▶ PROBLEM TO SOLVE
Starting at the line with "Vintage Navajo Sandcast" and ending at the line with "为进一步推进全市农业供给侧结", print exactly the lines of the entries below. Pictures do not belong in the copy.

▶ GIVEN INFORMATION
+ + +

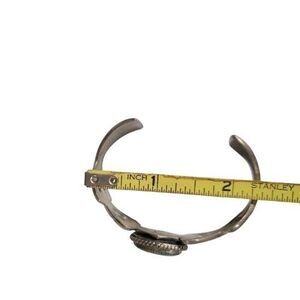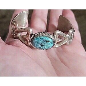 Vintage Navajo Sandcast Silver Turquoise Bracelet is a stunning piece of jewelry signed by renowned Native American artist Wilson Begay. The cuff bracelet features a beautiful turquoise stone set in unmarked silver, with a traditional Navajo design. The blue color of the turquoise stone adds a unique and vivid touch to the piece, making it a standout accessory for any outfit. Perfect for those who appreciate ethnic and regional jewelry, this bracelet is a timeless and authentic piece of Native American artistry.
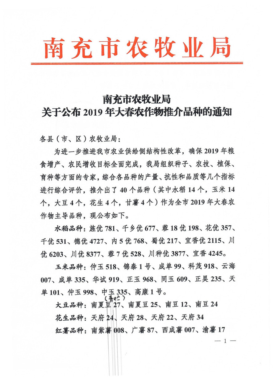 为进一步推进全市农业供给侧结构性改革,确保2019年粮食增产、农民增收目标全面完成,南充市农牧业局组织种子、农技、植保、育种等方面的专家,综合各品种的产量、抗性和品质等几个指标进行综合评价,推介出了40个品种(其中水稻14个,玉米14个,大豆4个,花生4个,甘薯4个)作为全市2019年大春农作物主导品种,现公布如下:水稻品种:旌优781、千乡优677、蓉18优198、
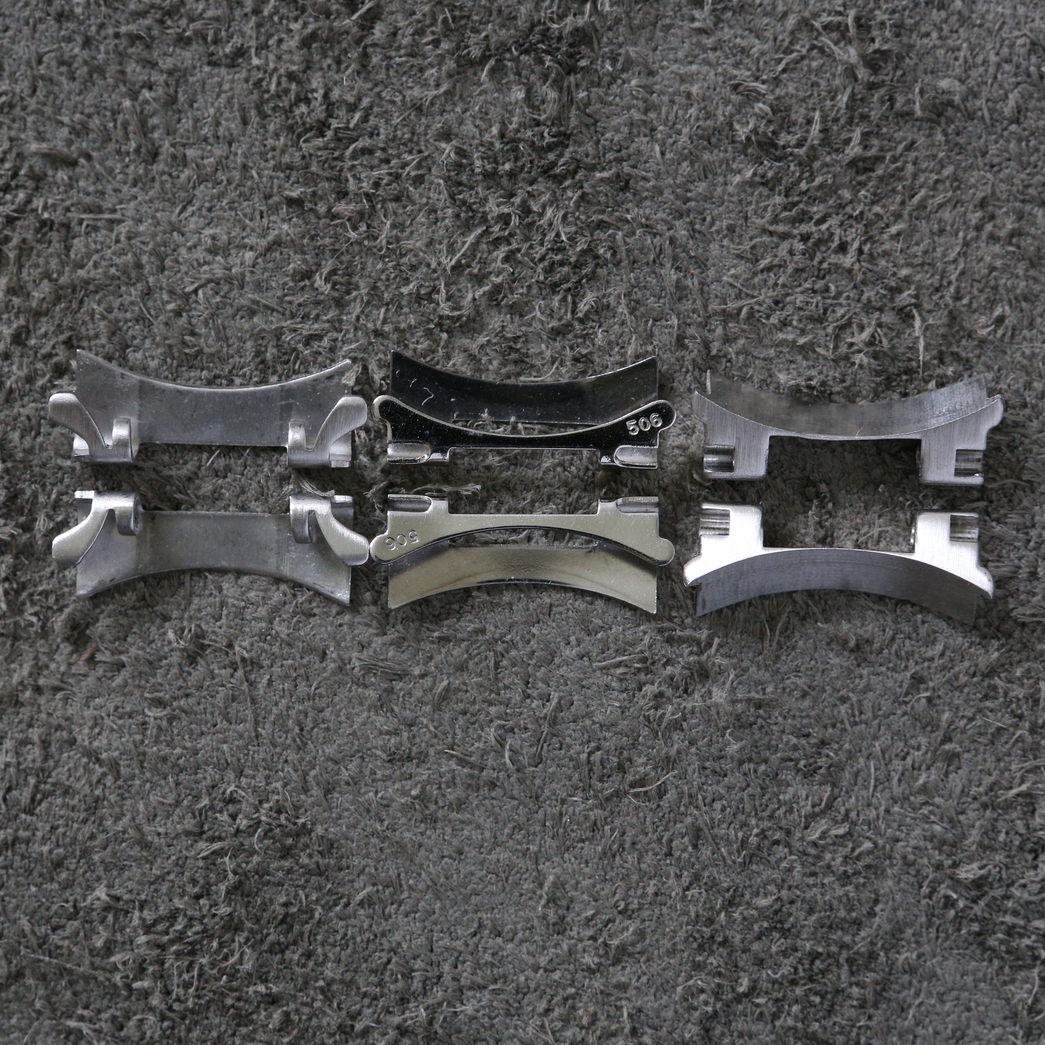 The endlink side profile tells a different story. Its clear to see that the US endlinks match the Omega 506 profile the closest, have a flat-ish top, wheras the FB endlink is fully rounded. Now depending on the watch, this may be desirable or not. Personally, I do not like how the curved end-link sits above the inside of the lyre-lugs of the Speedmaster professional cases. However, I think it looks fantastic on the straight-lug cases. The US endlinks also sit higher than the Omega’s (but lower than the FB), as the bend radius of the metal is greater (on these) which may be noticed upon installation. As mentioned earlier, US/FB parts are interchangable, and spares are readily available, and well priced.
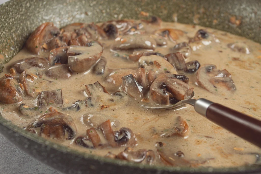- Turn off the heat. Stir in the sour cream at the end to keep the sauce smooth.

+ + +

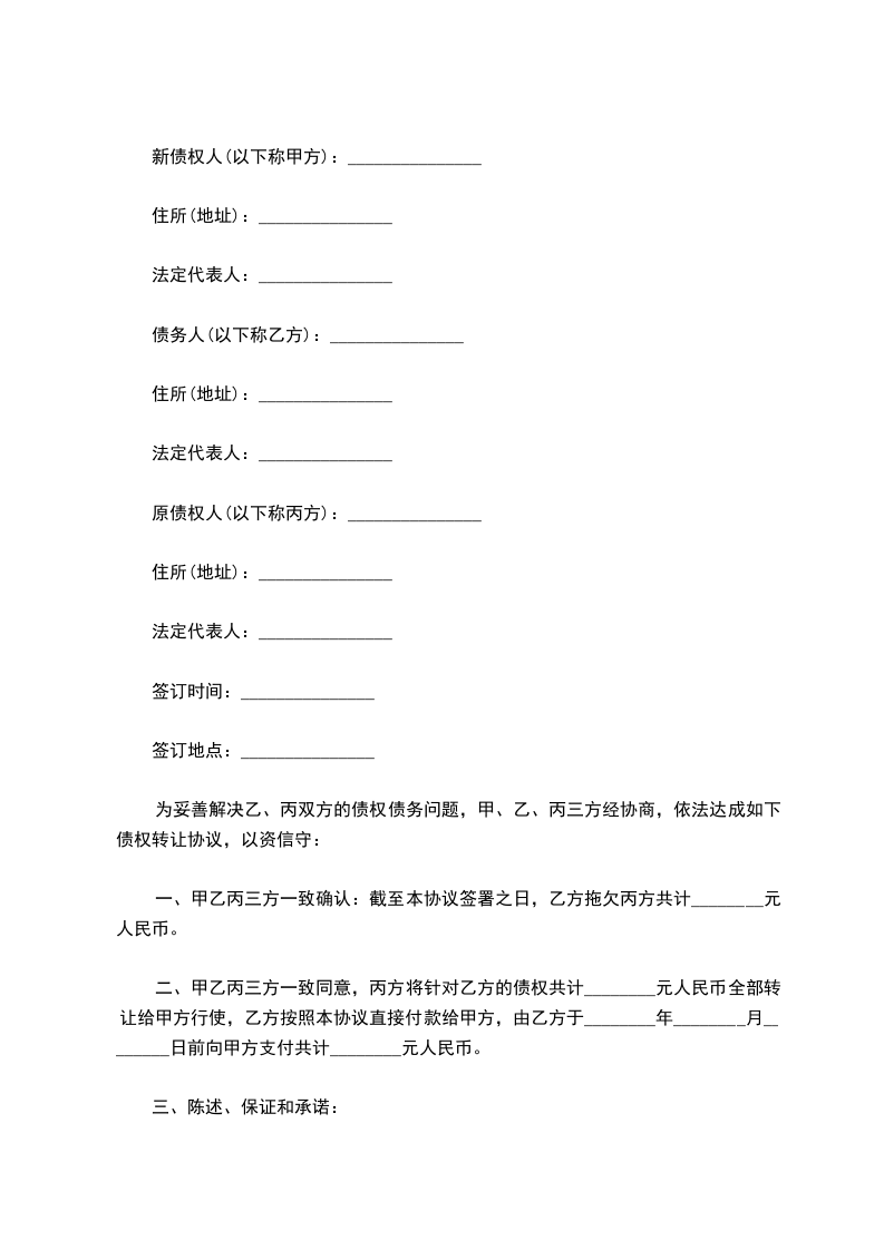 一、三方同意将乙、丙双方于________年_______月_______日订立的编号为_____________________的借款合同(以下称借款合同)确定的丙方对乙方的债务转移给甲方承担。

+ + +

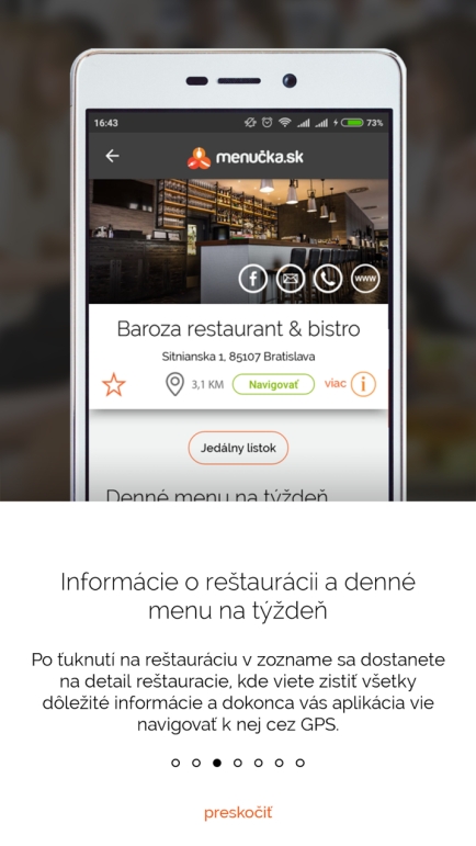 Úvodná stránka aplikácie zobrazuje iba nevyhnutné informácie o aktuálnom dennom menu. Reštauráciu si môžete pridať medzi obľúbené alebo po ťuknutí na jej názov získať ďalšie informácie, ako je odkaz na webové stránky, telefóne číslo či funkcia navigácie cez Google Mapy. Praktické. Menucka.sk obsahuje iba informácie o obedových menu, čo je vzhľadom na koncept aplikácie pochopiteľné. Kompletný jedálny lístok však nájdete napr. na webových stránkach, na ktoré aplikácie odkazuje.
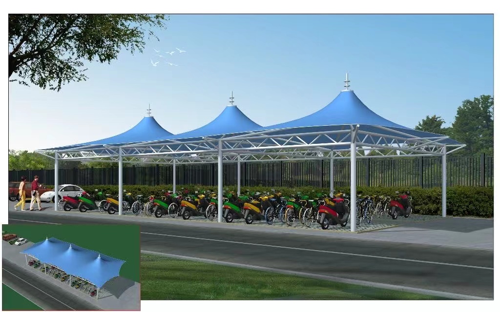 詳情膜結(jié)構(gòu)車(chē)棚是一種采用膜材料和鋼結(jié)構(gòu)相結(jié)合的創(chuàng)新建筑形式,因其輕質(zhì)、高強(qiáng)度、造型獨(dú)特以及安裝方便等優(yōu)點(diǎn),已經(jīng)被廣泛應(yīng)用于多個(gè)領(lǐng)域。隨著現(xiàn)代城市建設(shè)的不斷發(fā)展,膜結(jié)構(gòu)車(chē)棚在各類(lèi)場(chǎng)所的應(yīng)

+ + +

▶ OUTPUT BELOW
 Vintage Navajo Sandcast Silver Turquoise Bracelet is a stunning piece of jewelry signed by renowned Native American artist Wilson Begay. The cuff bracelet features a beautiful turquoise stone set in unmarked silver, with a traditional Navajo design. The blue color of the turquoise stone adds a unique and vivid touch to the piece, making it a standout accessory for any outfit. Perfect for those who appreciate ethnic and regional jewelry, this bracelet is a timeless and authentic piece of Native American artistry.
 为进一步推进全市农业供给侧结构性改革,确保2019年粮食增产、农民增收目标全面完成,南充市农牧业局组织种子、农技、植保、育种等方面的专家,综合各品种的产量、抗性和品质等几个指标进行综合评价,推介出了40个品种(其中水稻14个,玉米14个,大豆4个,花生4个,甘薯4个)作为全市2019年大春农作物主导品种,现公布如下:水稻品种:旌优781、千乡优677、蓉18优198、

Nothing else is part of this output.